• [The task]
What is needed is an exact repetition of the lines below, from the first one through the one holding "立邦 屋顶防水涂料防水材料屋顶漏水房顶漏水耐高温防晒防冻补漏王 [抗冻防裂]", with no pictures and nothing else.

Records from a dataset
++++++++++++++++++++
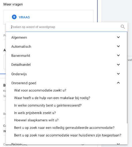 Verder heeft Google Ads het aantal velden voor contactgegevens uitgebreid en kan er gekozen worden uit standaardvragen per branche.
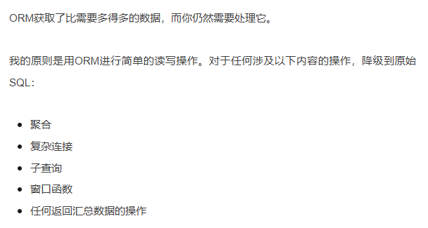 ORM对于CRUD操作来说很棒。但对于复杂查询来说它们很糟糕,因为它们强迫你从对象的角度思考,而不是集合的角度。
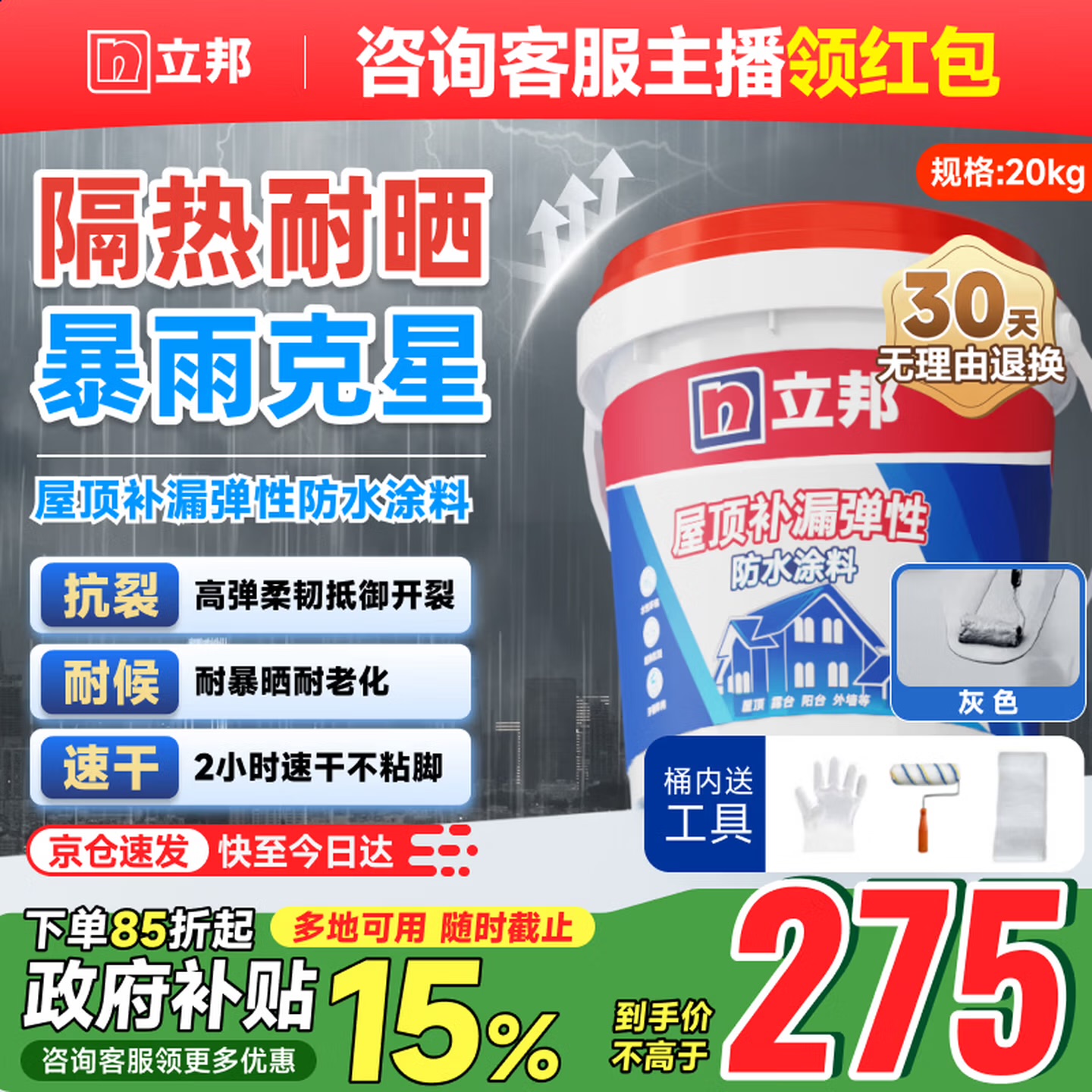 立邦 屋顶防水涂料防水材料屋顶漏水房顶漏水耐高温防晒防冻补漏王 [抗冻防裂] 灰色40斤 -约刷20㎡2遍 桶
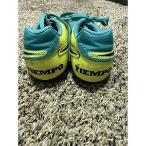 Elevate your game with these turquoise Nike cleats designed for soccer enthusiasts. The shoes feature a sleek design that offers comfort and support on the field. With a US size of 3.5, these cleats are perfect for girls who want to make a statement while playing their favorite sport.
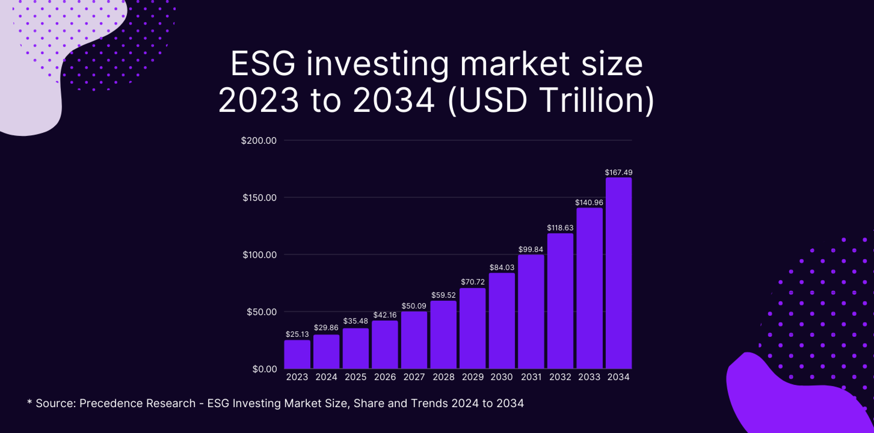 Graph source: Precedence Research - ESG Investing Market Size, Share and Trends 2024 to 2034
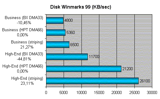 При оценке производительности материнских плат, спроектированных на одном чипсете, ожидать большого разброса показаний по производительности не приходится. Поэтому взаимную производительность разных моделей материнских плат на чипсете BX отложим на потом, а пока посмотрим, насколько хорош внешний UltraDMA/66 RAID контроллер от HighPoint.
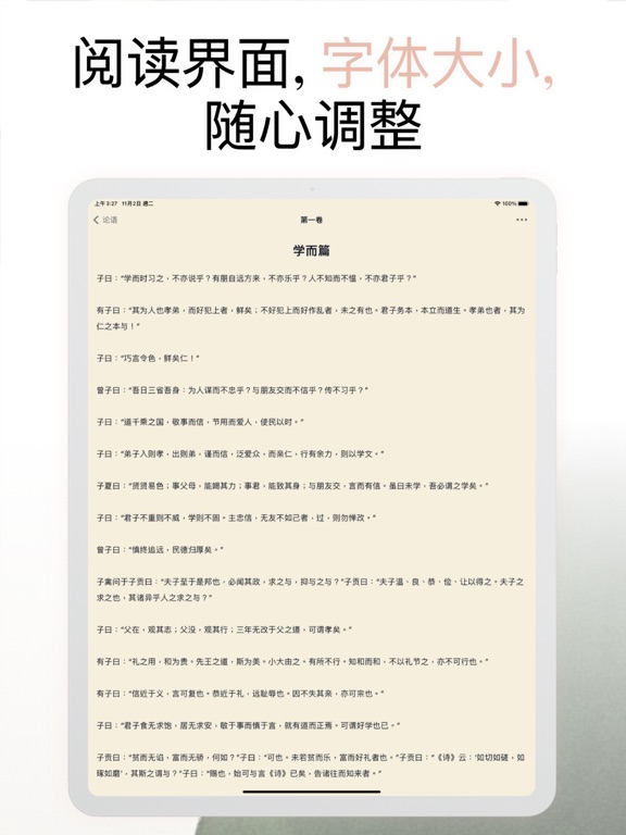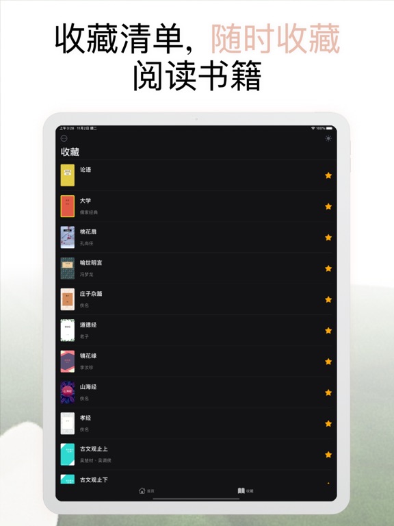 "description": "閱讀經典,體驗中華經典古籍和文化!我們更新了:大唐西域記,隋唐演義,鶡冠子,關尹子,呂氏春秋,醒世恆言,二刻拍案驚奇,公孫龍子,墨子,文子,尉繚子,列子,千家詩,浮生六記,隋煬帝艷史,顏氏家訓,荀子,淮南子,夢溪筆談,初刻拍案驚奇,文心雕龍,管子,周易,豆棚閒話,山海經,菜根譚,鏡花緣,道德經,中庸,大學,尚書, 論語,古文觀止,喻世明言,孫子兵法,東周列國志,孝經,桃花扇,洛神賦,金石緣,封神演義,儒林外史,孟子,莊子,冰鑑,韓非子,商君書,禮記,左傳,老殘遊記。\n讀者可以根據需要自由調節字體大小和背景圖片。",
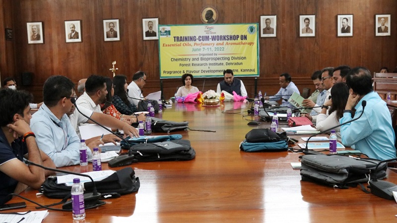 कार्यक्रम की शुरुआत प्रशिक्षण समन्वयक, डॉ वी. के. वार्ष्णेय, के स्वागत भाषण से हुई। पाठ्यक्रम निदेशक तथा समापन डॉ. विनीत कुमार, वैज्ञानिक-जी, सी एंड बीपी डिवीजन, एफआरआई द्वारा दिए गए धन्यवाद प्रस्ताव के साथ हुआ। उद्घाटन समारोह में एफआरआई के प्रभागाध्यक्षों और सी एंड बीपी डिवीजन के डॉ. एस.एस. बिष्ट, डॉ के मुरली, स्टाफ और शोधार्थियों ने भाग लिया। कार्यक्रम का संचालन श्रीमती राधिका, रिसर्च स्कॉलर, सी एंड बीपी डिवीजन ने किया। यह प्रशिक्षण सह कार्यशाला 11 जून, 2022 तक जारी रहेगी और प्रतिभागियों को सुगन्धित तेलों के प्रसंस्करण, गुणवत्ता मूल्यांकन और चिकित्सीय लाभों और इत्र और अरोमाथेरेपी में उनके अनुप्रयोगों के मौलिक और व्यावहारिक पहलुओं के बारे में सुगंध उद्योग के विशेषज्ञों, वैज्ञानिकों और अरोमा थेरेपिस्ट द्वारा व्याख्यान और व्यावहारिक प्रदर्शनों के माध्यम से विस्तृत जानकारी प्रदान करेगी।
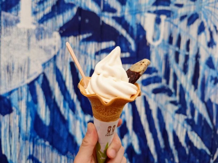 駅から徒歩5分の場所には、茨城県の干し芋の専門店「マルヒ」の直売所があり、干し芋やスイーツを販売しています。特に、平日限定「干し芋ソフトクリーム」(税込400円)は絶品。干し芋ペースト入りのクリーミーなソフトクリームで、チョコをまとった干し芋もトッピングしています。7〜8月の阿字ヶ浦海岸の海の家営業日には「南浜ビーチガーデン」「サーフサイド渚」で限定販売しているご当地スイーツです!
++++++++++++++++++++
• [Completed exercise]
 Verder heeft Google Ads het aantal velden voor contactgegevens uitgebreid en kan er gekozen worden uit standaardvragen per branche.
 ORM对于CRUD操作来说很棒。但对于复杂查询来说它们很糟糕,因为它们强迫你从对象的角度思考,而不是集合的角度。
 立邦 屋顶防水涂料防水材料屋顶漏水房顶漏水耐高温防晒防冻补漏王 [抗冻防裂] 灰色40斤 -约刷20㎡2遍 桶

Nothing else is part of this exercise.